N’espérer que la tranquillité, c’est déjà mourir un peu. Exister sans illusion sur un sens, à l’image des
existentialistes, semble très réducteur ; mais exister en sachant ce que nous sommes permet d’éviter
la lamentation sur notre sort et transforme le destin - même parfois malheureux - en force. En
mécanique une force est liée inexorablement à un mouvement, il faut donc utiliser cette force pour
se mouvoir car plus que la diversité, l’avenir humain est dans le mouvement de son esprit.
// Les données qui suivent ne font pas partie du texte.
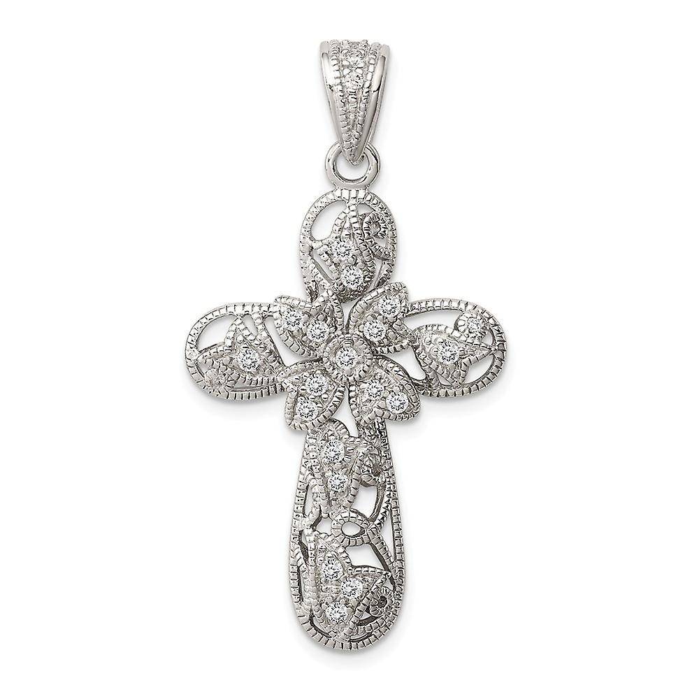 925 Sterling Silver Polished Cubic Zirconia Religious Faith Cross Pendant Necklace 42x33mm Wide-Pendant for Women

Ne
devenons pas des arthrosiques repentants d’une inactivité passée. Personne n’a un destin mais
chacun peut croiser le destin. Bonaparte n’avait pas le destin de devenir Napoléon, De gaulle n’avait
pas le destin d’appeler la France à résister, ils n’ont fait que rencontrer des situations qui ont révélé
en eux le désir de l’action. Des millions de français subissaient aussi ces situations or eux seuls ont
laissé un nom dans l’Histoire, ce n’est pas pour cela qu’il faut leur prêter un destin; c’est ce dont ils
étaient construits qui leur a permis de dominer ces situations, à l’inverse de tous les autres. Et dans
nos vies plus banales il en est ainsi également. Le « Destin » est un état immanent de toutes les
situations que nous pouvons imager ou non d’ailleurs et qui se révèle lors d’une conjonction à faible
probabilité d’existence de ces situations avec son « étant-propre ». Même si le monde de la Volonté
est fondamental pour nos comportements, c’est dans le monde réel de la représentation, visible de
tous, qui est le concret de notre quotidienneté puisque c’est dans celui que nous évoluons, que notre
liberté affrontera le Destin qui ne devra être alors considéré ni tel un fardeau ni une chance, mais
qui se transformera en notre propre construction.